Sunday, January 27, 2008

I LOOOOOOVE ICE CREAM!

One of my favorite food ever is ice cream. Always have been and always will be.  It's creamy, soft, silky. It soothes my cravings for softness and kindness. It's one food I feel that takes care of me in the nicest way. 

I used to buy gallons of highly 'processed' ice cream full of sugar (you know the brand names found in every food store) and it would scare me a bit to eat the whole gallon!!!

Now, I keep frozen fruits in my freezer. I buy bags of frozen fruits. I also buy organic fruits in bulk (on sale when very ripe and that's when they're perfect to be frozen). 
Fruits, only fruits. Strawberries, blueberries, mangoes, bananas, raspberries.

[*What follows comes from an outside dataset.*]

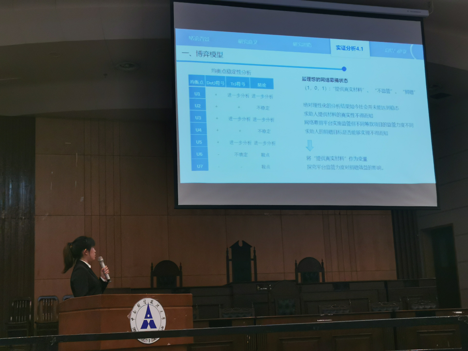 项目《信息不对称背景下,探究网络募捐平台自我监管力度对募捐效益的影响》由颜琰助理教授和刘千惠老师指导,史慧颖同学作为领队,贾颖、王梦令、吴秋雨、吴雨同学作为队员,并在足球现场比分 院长、高楠副教授和帅杰副教授等多名老师的倾心指导下顺利完成。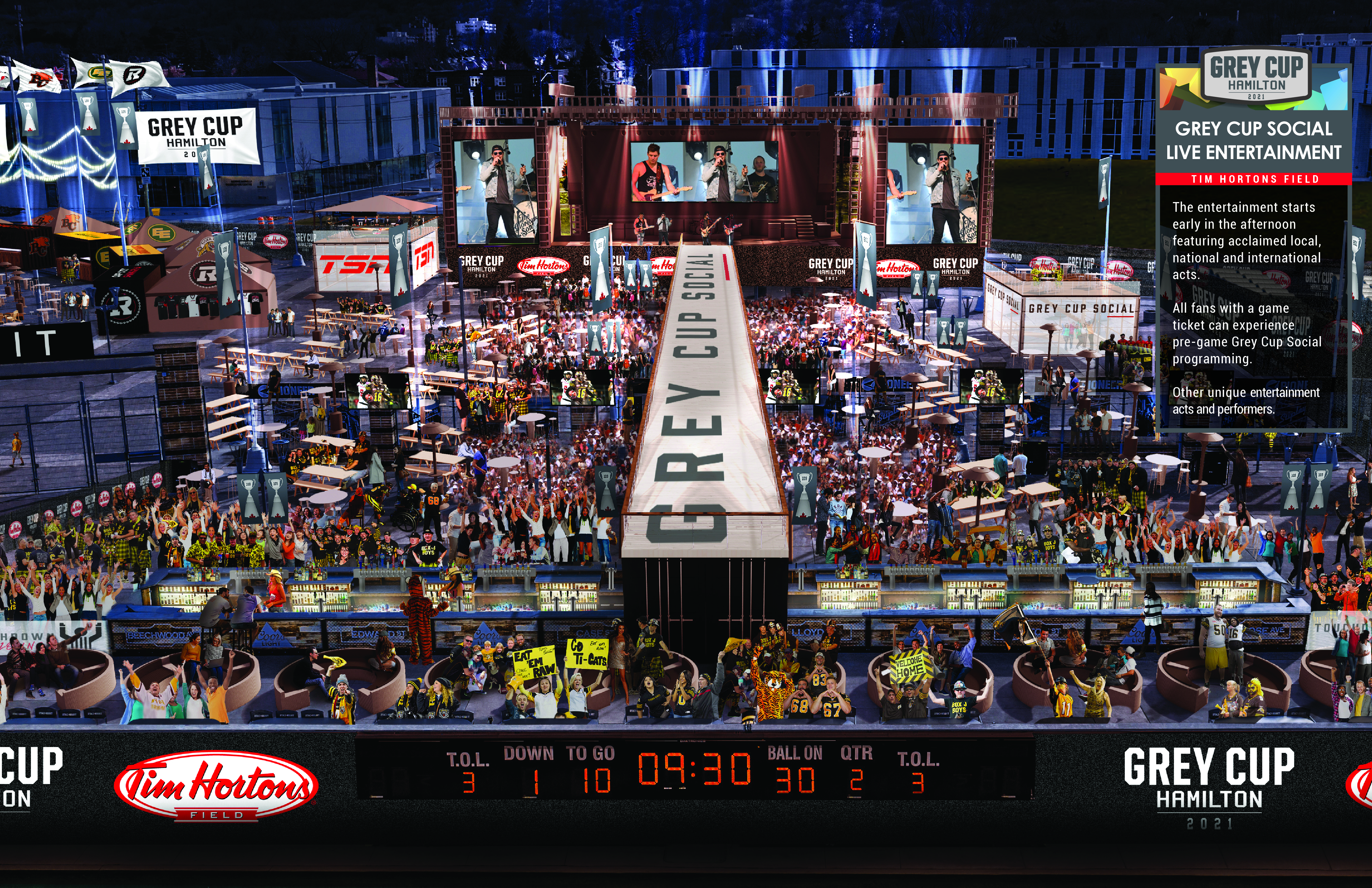 The south plaza social experience is billed as an outdoor music festival meets food and drink expo, set in the backdrop of the Grey Cup game.

Today I had blueberries, banana and mango sorbet. Sprinkle a bit of shredded coconut and raw cacao nibs on top. Heaven!
I use the blank plate of a Champion juicer but you can also make this in a blender. You need to thaw the fruits a little before blending.
Who would imagine how good this tastes. The banana makes it extremely smooth and all creamy. The banana enhances the taste of the mango and finally, the blueberries not only have a lot of antioxidants, but they also give a beautiful color to the mix.

With all my support, Anne

Wednesday, January 23, 2008

DRINK SUPERFOODS!

One of the most important part of my diet are superfoods.

What are they? they are foods packed with extraordinary properties, like spirulina, blue green algae, chlorella, bee pollen, maca, goji berries, raw cacao and more. They're full of nutrients, essential amino acids, minerals, packed with vitamins.  They feed your body at a cellular level so it is important to eat them on a regular basis. 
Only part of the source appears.